-- Given records follows --
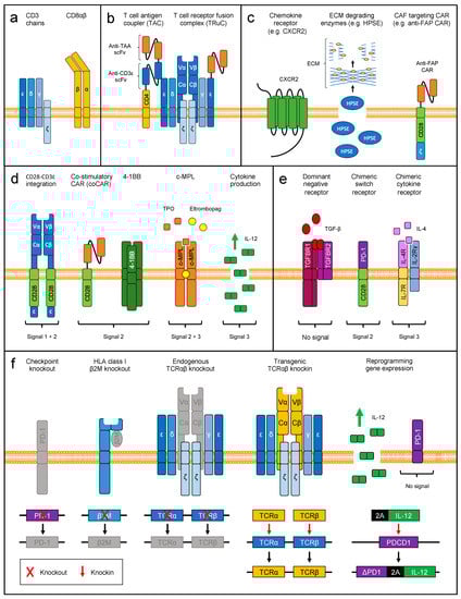 - Li, D.; Li, X.; Zhou, W.L.; Huang, Y.; Liang, X.; Jiang, L.; Yang, X.; Sun, J.; Li, Z.; Han, W.D.; et al. Genetically engineered T cells for cancer immunotherapy. Signal Transduct. Target. Ther. 2019, 4, 35. [Google Scholar] [CrossRef]
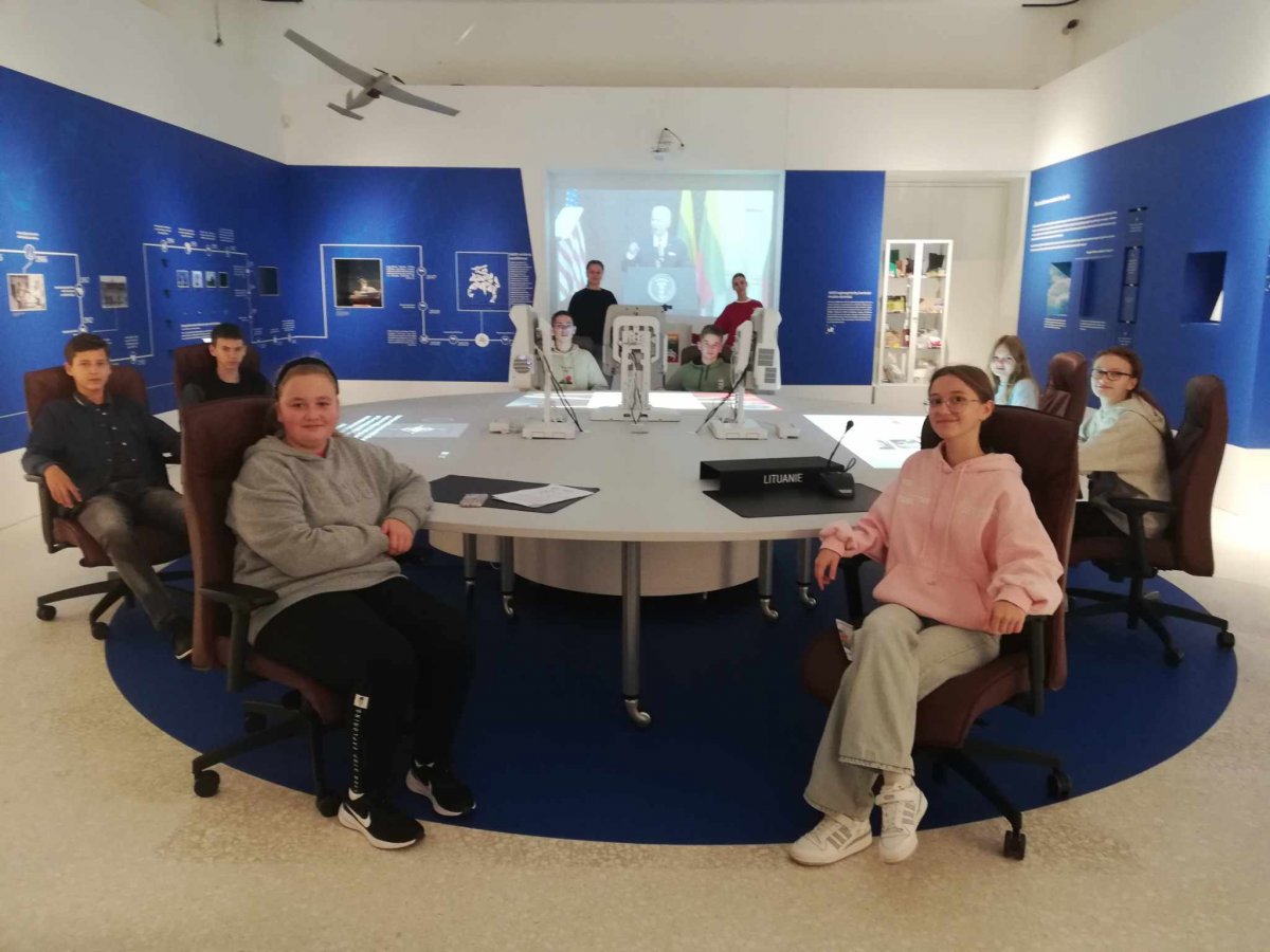 Edukacinio užsiėmimo metu, dirbdami komandose, mokiniai tyrinėjo ekspozicijos turinį bei susipažino su iškiliausiomis Lietuvos asmenybėmis, biudžeto sandara, tarptautinio bendradarbiavimo ypatumais. Netikėta informacija ir orientacinio žaidimo pobūdžio užsiėmimai neleido nuobodžiauti nei vienam!
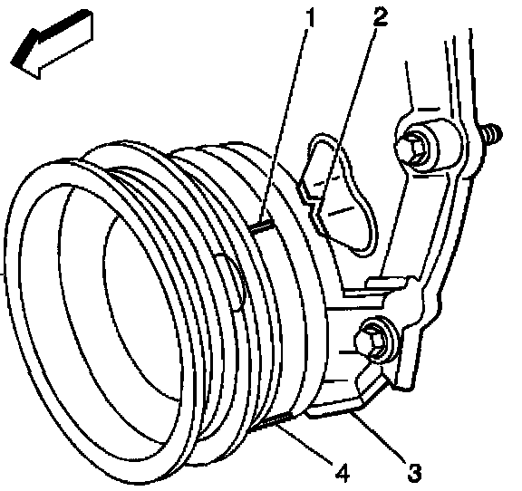Distributor InstallationImportant: The engine front cover has 2 alignment tabs and the crankshaft balancer has 2 alignment marks (spaced 90 degrees apart) which are used for positioning number 1 piston at Top Dead Center (TDC). With the piston on the compression stroke and at top dead center, the crankshaft balancer alignment mark (1) must align with the engine front cover tab (2) and the crankshaft balancer alignment mark (4) must align with the engine front cover tab (3).
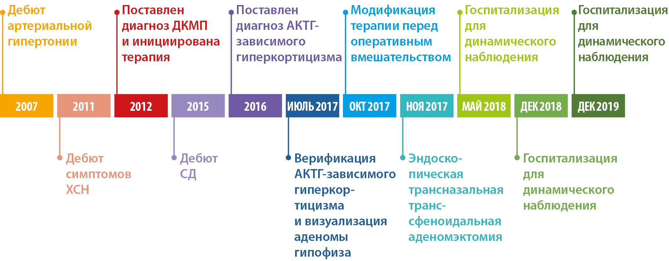 В 2015 г. в связи с прогрессированием симптомов СН и резистентностью к проводимой медикаментозной терапии была запланирована имплантация устройства для сердечной ресинхронизирующей терапии. При предоперационном обследовании было обращено внимание на прогрессирующее увеличение массы тела, выраженную мышечную слабость, плохое заживление кожных микротравм. Тогда же был диагностирован сахарный диабет (СД). Совокупность этих симптомов позволила заподозрить наличие ЭГ. К терапии был добавлен метформин (рис. 1).
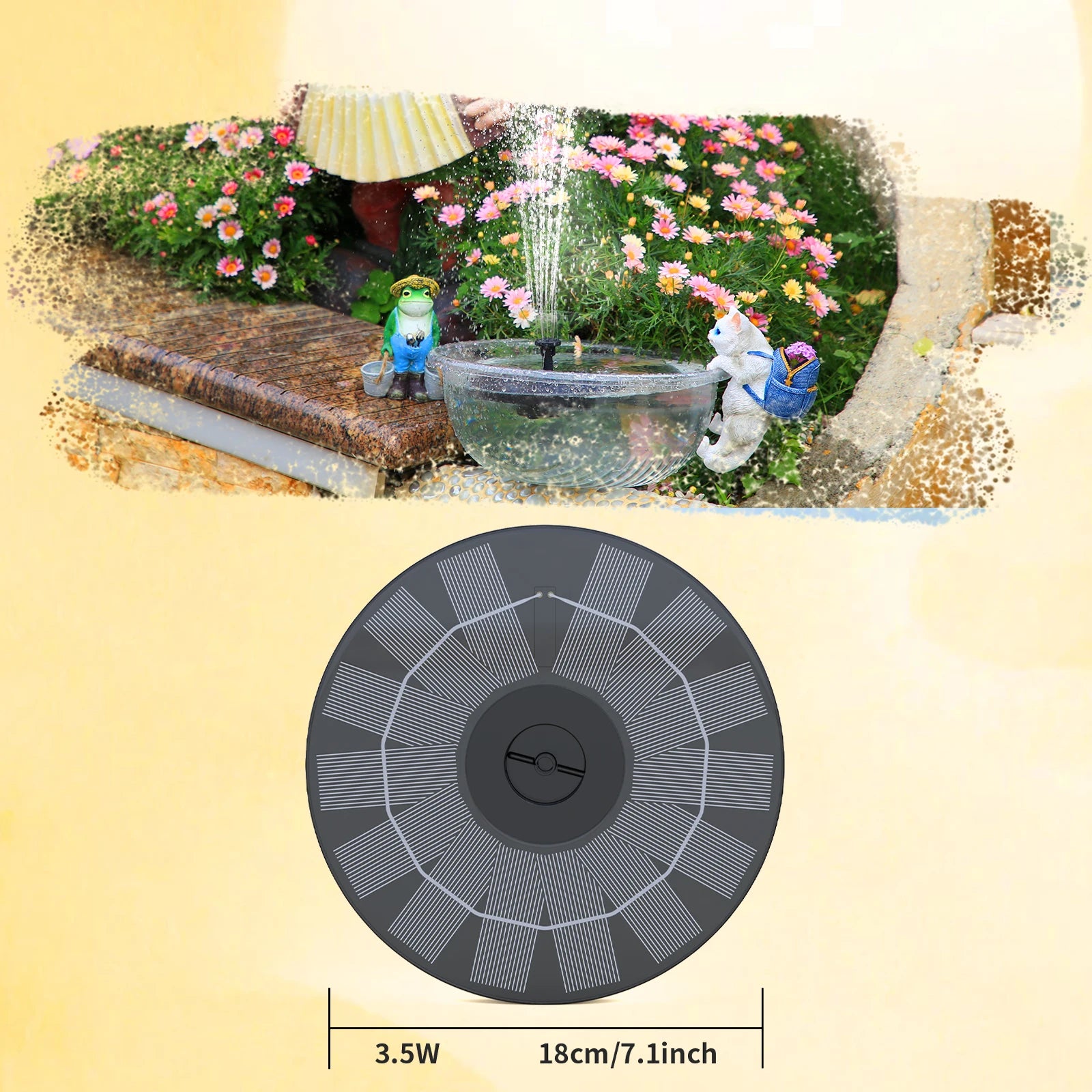 1.5w/2.5w/3.5w Solar Bird Bath Fountain Pump,with 6 Nozzles Solar Powered Water Fountain for Garden Pool, Aquarium and Outdoor
-- Given records concluded --
Problem to work on: At the line containing "В 2015 г. в", begin reproducing the entries word for word, and continue through their last line. Leave out the pictures.

Task solution:
 В 2015 г. в связи с прогрессированием симптомов СН и резистентностью к проводимой медикаментозной терапии была запланирована имплантация устройства для сердечной ресинхронизирующей терапии. При предоперационном обследовании было обращено внимание на прогрессирующее увеличение массы тела, выраженную мышечную слабость, плохое заживление кожных микротравм. Тогда же был диагностирован сахарный диабет (СД). Совокупность этих симптомов позволила заподозрить наличие ЭГ. К терапии был добавлен метформин (рис. 1).
 1.5w/2.5w/3.5w Solar Bird Bath Fountain Pump,with 6 Nozzles Solar Powered Water Fountain for Garden Pool, Aquarium and Outdoor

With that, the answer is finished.